The Congressional Budget Office is as Bad as Anyone at Forecasting

Since it is political “silly season”, and every politician under the sun is broadcasting plans for programs designed to catch the voter’s eye, we thought it was worth looking at how accurate cost forecasts of these programs are. Large projects such as TARP or the Affordable Care Act represent significant outlays by taxpayers, affecting government budgets for a decade or more. We wanted to know whether what we hear about their cost ahead of time is right, or not.

The majority of the work for this project was performed by our excellent intern, Jacob Godshalk, this last summer. The task we set to Jacob was to research the accuracy of the government’s own forecasting arm, the Congressional Budget Office. Jacob found that the CBO is adequately accurate when the forecast time frame was short. For instance, for revenue projections for the next one to two years, the CBO tended to forecast about 1% to 2% too high versus reality. So tax revenues are somewhat chronically falling short of forecasts, but not by much. Of course, over time, even 1% compounds to real money.

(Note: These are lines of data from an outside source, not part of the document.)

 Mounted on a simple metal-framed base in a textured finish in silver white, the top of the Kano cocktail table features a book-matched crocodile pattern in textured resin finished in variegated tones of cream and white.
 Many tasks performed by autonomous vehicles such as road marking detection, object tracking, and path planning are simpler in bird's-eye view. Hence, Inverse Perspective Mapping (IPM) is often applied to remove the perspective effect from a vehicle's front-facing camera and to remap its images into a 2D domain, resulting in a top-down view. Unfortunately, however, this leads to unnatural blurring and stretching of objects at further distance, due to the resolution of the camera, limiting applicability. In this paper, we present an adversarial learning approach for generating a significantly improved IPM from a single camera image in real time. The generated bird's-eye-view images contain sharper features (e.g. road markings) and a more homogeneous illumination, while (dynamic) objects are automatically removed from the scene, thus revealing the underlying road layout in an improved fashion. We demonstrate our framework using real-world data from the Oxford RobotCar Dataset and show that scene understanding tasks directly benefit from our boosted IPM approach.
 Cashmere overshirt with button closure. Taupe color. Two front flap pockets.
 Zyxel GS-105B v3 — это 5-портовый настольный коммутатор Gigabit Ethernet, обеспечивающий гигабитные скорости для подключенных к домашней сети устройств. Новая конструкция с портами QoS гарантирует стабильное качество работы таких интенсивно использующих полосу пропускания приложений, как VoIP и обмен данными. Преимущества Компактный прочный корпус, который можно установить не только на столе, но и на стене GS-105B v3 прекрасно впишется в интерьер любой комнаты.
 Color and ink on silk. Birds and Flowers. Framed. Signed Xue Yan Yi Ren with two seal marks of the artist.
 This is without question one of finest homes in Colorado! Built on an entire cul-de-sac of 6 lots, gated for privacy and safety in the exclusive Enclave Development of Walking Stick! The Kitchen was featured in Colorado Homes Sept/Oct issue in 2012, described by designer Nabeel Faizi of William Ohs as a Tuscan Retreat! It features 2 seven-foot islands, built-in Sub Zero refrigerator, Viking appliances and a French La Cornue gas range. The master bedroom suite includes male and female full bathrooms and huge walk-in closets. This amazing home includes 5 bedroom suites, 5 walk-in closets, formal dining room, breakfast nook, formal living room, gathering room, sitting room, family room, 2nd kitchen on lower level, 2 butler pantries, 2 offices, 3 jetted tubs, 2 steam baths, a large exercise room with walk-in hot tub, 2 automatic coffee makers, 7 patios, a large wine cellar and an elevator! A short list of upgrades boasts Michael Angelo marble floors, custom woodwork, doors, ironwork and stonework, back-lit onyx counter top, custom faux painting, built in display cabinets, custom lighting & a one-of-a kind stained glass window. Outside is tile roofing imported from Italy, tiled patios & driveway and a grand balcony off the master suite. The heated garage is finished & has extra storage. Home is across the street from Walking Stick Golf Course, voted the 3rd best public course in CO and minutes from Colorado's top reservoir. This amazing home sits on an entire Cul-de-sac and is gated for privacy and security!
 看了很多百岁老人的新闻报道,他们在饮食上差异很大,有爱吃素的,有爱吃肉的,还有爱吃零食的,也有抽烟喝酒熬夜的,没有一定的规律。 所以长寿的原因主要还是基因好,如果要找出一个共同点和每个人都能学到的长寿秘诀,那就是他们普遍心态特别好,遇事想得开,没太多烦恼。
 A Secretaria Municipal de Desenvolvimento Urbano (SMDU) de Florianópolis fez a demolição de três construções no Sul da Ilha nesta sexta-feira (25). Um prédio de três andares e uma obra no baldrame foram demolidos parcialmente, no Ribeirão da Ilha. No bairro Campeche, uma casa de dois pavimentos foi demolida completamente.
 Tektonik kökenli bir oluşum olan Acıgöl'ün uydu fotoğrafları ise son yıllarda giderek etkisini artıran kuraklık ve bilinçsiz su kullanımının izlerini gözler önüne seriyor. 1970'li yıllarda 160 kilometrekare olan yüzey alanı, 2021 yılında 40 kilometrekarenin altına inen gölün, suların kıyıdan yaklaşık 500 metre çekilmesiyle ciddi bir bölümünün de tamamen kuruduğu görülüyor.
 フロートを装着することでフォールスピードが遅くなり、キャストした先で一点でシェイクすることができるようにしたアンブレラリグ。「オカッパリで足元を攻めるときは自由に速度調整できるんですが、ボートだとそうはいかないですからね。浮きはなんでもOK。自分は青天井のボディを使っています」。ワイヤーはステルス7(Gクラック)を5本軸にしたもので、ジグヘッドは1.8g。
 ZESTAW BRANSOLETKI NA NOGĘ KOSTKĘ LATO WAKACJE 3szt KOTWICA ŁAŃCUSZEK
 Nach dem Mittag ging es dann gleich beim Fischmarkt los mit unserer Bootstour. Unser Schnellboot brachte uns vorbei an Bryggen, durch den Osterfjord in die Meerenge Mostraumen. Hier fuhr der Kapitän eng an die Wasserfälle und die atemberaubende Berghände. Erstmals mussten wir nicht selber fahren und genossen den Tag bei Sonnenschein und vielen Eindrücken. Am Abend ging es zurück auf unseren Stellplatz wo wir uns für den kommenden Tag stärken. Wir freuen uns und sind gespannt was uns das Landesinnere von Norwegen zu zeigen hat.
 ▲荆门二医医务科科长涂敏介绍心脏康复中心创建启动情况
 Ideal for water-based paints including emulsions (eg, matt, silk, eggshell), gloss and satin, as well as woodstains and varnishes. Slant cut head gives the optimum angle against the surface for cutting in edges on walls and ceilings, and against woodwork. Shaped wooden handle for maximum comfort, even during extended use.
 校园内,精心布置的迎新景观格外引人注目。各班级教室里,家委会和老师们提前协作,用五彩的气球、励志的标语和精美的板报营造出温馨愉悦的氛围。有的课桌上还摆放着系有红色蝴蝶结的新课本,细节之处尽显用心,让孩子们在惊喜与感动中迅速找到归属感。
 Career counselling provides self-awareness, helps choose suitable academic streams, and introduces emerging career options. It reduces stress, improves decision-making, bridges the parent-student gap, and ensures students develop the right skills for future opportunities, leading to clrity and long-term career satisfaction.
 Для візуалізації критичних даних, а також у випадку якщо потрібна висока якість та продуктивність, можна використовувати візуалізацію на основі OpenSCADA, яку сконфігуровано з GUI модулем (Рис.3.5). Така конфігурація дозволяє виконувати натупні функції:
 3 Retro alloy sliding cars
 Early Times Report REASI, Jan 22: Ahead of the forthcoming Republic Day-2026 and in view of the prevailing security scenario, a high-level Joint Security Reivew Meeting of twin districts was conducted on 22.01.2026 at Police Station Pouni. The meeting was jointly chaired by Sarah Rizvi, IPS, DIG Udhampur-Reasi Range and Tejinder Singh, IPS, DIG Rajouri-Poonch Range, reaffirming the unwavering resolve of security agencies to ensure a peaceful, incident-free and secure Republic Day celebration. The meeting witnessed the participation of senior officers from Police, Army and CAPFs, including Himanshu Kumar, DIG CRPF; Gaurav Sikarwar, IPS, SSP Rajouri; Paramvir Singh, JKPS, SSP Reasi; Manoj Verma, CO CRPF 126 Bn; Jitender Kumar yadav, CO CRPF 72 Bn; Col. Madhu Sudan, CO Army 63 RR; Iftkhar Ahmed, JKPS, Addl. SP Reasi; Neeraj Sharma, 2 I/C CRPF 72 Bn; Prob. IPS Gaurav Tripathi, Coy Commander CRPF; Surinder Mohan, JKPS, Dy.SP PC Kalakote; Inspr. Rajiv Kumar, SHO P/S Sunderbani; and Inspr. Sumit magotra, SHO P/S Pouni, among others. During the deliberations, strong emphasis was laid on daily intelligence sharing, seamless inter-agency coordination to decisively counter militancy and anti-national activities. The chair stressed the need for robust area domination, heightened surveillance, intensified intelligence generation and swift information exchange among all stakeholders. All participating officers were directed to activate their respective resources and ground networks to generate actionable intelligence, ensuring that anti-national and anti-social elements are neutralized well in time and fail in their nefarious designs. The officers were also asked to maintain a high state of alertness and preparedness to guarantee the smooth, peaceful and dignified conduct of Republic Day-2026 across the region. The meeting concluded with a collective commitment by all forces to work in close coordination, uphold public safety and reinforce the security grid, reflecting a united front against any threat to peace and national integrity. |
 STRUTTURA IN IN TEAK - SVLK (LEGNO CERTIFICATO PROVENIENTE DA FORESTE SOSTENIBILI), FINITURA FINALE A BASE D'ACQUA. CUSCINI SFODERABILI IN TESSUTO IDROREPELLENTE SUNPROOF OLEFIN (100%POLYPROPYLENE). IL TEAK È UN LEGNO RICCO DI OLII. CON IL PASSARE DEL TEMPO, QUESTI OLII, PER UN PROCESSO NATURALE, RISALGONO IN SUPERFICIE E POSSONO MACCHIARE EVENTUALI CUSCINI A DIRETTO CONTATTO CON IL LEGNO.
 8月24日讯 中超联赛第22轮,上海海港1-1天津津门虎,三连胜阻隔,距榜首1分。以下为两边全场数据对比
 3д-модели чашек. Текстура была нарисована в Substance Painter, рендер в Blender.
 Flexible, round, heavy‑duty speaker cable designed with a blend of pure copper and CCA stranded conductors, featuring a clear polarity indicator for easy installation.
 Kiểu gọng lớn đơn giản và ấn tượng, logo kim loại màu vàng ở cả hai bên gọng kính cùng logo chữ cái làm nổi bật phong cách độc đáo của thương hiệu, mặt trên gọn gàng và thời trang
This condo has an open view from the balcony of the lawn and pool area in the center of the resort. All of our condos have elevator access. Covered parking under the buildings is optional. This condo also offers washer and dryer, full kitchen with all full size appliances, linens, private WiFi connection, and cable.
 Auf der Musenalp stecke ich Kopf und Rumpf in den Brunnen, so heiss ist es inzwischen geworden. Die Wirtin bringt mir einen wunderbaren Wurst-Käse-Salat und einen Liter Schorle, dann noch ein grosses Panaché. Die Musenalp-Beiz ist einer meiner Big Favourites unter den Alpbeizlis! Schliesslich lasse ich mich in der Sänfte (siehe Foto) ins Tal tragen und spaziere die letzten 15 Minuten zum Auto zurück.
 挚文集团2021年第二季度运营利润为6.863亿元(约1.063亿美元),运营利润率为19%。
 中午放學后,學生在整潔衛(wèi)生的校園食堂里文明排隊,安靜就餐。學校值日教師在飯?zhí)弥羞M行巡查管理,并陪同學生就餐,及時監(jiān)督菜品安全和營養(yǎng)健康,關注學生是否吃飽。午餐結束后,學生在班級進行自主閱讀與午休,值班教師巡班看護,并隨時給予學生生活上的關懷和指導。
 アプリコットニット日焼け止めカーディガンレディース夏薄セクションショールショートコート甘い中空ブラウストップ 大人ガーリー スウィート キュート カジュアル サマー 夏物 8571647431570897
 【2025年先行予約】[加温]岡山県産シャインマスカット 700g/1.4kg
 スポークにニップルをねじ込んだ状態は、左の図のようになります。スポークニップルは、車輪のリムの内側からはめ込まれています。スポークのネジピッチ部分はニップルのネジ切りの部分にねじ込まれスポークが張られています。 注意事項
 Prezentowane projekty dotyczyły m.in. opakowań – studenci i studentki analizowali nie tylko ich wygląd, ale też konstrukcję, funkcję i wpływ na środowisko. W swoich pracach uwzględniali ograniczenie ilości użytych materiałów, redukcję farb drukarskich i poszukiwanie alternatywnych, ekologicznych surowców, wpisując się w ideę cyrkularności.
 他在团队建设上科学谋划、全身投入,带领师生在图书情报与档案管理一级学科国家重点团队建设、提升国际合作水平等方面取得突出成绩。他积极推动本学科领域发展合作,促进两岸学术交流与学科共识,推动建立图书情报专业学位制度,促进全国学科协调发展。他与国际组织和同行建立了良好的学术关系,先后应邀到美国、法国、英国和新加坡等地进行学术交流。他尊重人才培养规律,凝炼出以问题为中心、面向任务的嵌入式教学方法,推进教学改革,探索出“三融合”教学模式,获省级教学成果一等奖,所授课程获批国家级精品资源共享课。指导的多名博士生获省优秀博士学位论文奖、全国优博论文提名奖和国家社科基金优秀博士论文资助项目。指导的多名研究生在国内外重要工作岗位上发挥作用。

Over more intermediate time frames – five or six years – accuracy decayed. The CBO was generally five or six percent too high on revenue projections, though it managed to precisely forecast the cost of the ACA by 2015 in 2010.

Still, we were most curious about the huge numbers we sometimes hear out of the CBO for larger programs with muti-decade impacts. For instance, for the ACA, the longer term forecast was abysmal. The ACA cost over $30 billion MORE than the CBO had estimated, by the time 2016 rolled around, a forecasting error of 23%.

In the 1990’s, many Savings & Loan companies received a bailout. The CBO forecast that the bailouts would cost $120 billion, give or take a few billion. Instead, the total cost was $480 billion. More recently, TARP was expected to cost about $430 billion. Instead, it cost the government nothing; in fact, a net profit of over $15 billion (after program costs) flowed to Treasury. 

Furthermore, the CBO is no better than anyone else at predicting a recession. Its forecast for government revenue in 2009, a recession year, was a hefty overestimation of 25%!

So next time you read those gasping articles containing CBO cost projections, remember that their numbers are not facts. Instead, they are guesses, perhaps worse guesses than you yourself might make, and most often, guesses that put the taxpayer at a disadvantage. Chronically overestimating revenue costs us all in the long run, and underestimating program costs is even more deleterious.